Lines from the line with "- Демонтировать колесо" to the line with "Le piège transparent" in the entries below, and only those, must be output exactly, with both ends included.

* Supplied records
⟨

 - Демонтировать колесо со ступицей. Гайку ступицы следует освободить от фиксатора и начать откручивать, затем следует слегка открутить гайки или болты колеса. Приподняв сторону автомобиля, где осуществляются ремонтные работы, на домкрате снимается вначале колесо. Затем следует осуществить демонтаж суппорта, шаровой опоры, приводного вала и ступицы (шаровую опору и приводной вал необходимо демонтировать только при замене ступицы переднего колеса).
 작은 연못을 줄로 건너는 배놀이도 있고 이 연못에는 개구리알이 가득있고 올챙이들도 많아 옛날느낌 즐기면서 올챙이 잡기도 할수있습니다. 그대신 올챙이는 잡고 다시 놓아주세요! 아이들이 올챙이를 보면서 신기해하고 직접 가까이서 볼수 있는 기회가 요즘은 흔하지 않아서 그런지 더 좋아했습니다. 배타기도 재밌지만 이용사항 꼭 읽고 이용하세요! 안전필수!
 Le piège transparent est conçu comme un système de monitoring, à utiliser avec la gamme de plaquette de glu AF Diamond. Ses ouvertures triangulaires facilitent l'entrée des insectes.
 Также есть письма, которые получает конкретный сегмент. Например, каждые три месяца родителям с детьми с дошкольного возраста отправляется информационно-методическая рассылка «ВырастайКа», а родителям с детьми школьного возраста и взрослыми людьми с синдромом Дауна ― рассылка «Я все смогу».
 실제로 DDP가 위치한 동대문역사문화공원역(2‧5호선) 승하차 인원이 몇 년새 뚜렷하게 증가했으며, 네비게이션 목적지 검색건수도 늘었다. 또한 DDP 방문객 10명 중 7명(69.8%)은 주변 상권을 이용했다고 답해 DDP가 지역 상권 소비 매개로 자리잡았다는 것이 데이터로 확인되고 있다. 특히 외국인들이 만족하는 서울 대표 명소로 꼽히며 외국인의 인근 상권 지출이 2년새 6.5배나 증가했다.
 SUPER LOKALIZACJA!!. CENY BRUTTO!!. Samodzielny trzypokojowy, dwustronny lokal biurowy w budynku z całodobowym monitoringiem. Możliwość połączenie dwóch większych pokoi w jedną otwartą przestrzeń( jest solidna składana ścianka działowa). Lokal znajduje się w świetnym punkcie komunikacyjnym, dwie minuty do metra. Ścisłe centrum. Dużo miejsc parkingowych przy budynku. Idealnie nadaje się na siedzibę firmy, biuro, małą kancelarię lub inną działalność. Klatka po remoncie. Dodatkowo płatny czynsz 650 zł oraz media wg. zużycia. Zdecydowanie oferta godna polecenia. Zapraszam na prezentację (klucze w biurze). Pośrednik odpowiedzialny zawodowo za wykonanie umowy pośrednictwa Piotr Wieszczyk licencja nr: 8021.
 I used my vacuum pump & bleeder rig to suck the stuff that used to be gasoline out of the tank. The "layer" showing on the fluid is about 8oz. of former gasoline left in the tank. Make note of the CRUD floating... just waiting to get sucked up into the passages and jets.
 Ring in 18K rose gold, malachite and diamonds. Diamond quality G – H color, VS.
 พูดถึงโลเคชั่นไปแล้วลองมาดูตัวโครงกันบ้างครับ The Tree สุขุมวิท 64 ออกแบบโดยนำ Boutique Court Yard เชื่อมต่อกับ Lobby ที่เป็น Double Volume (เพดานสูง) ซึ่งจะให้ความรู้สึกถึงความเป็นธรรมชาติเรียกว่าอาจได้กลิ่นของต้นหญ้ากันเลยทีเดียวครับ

⟩
⟨

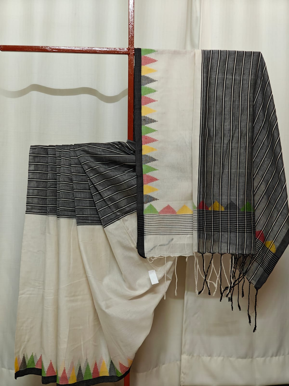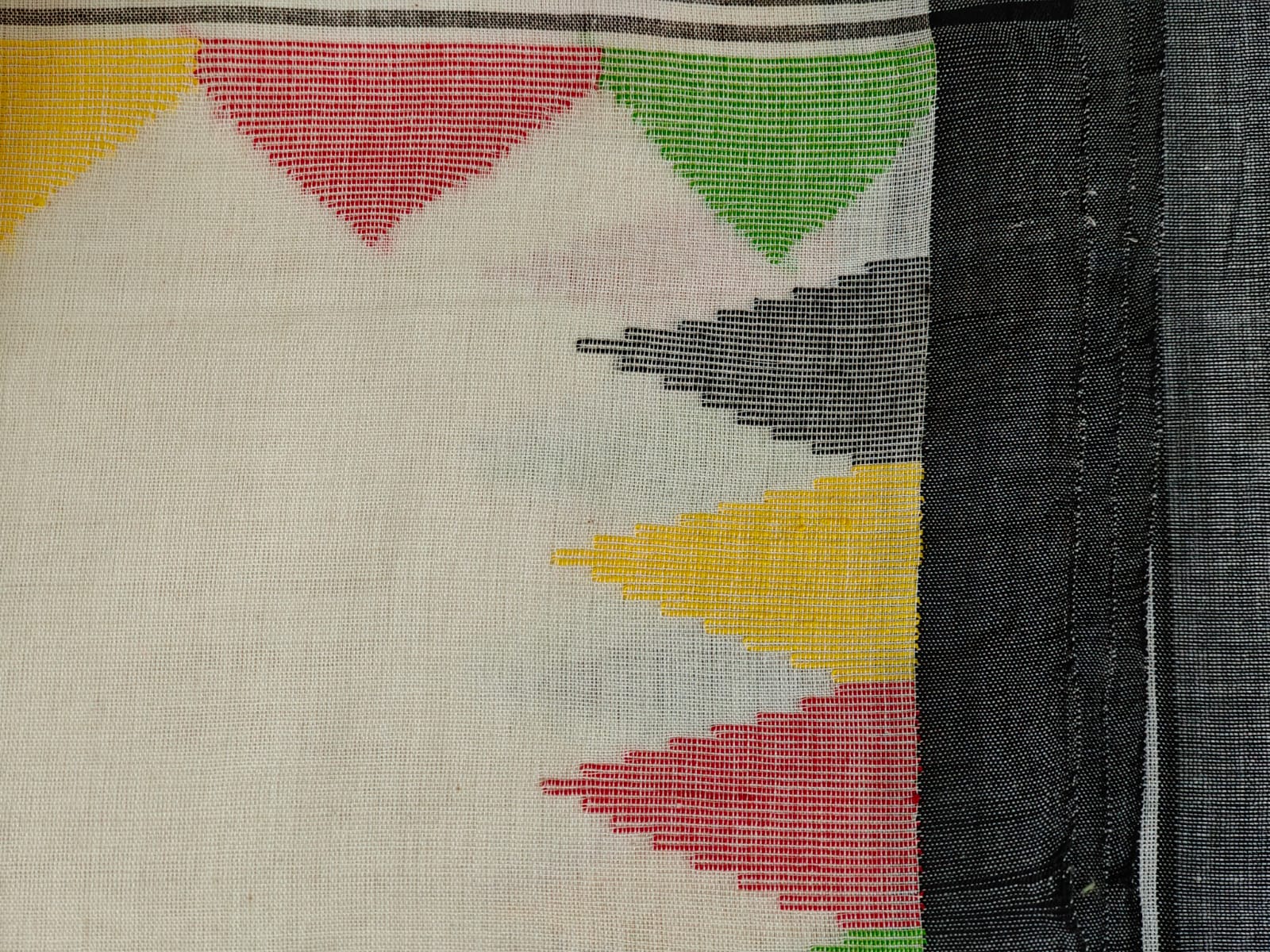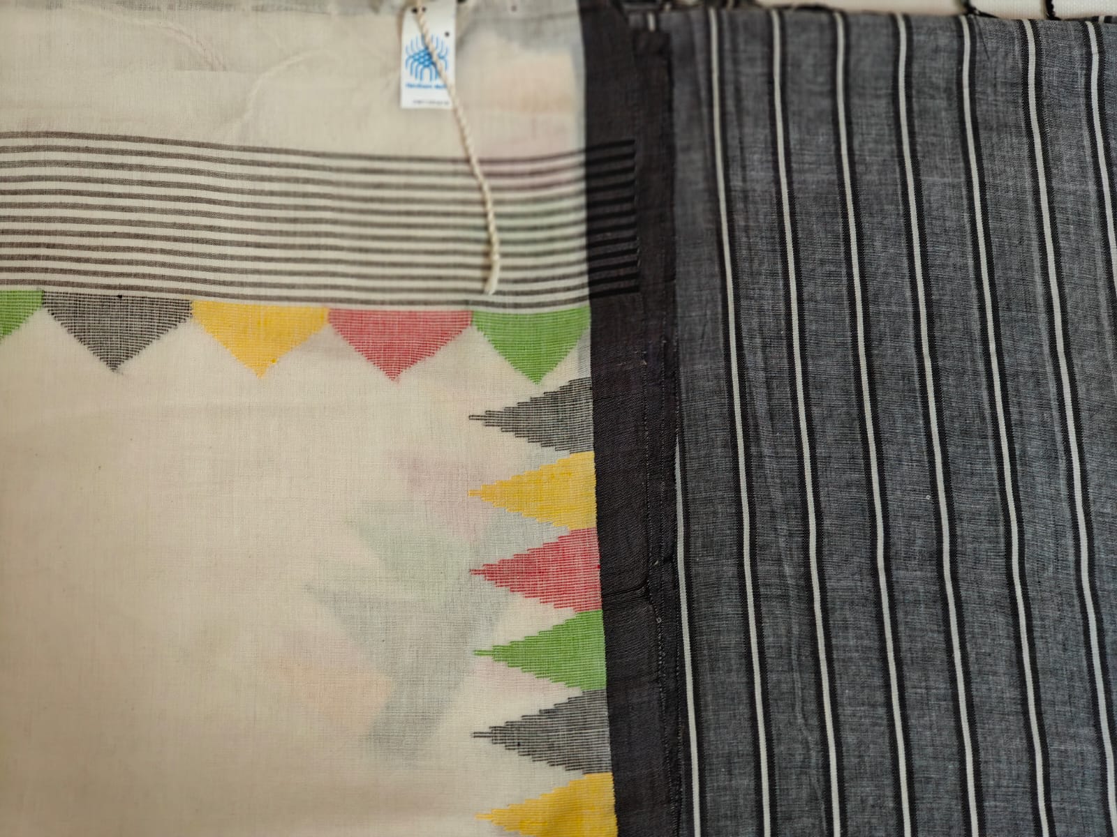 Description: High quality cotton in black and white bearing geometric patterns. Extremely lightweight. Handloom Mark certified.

⟩
⟨

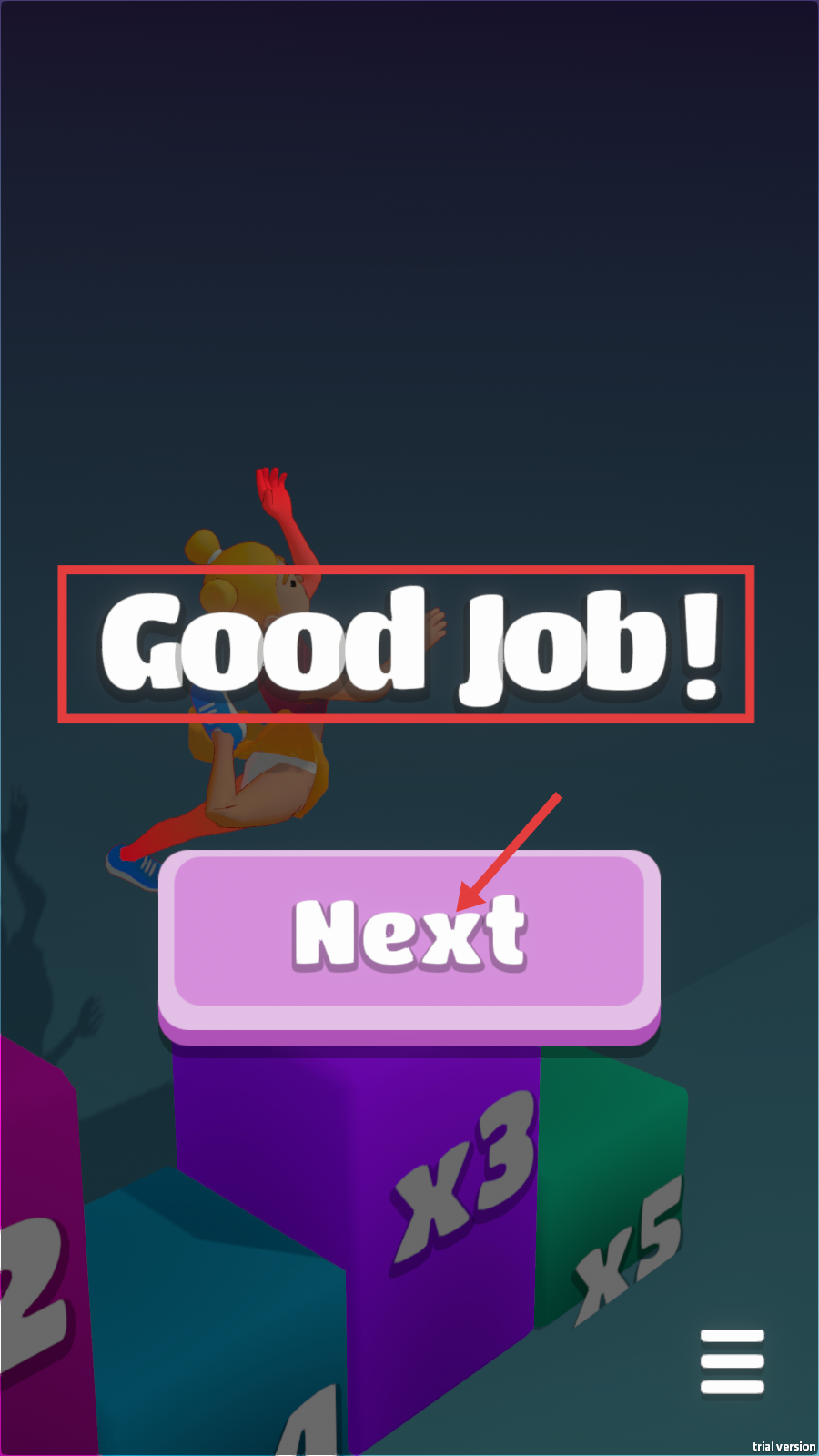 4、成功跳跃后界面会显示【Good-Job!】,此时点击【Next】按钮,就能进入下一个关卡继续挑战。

⟩

* Answer box
 - Демонтировать колесо со ступицей. Гайку ступицы следует освободить от фиксатора и начать откручивать, затем следует слегка открутить гайки или болты колеса. Приподняв сторону автомобиля, где осуществляются ремонтные работы, на домкрате снимается вначале колесо. Затем следует осуществить демонтаж суппорта, шаровой опоры, приводного вала и ступицы (шаровую опору и приводной вал необходимо демонтировать только при замене ступицы переднего колеса).
 작은 연못을 줄로 건너는 배놀이도 있고 이 연못에는 개구리알이 가득있고 올챙이들도 많아 옛날느낌 즐기면서 올챙이 잡기도 할수있습니다. 그대신 올챙이는 잡고 다시 놓아주세요! 아이들이 올챙이를 보면서 신기해하고 직접 가까이서 볼수 있는 기회가 요즘은 흔하지 않아서 그런지 더 좋아했습니다. 배타기도 재밌지만 이용사항 꼭 읽고 이용하세요! 안전필수!
 Le piège transparent est conçu comme un système de monitoring, à utiliser avec la gamme de plaquette de glu AF Diamond. Ses ouvertures triangulaires facilitent l'entrée des insectes.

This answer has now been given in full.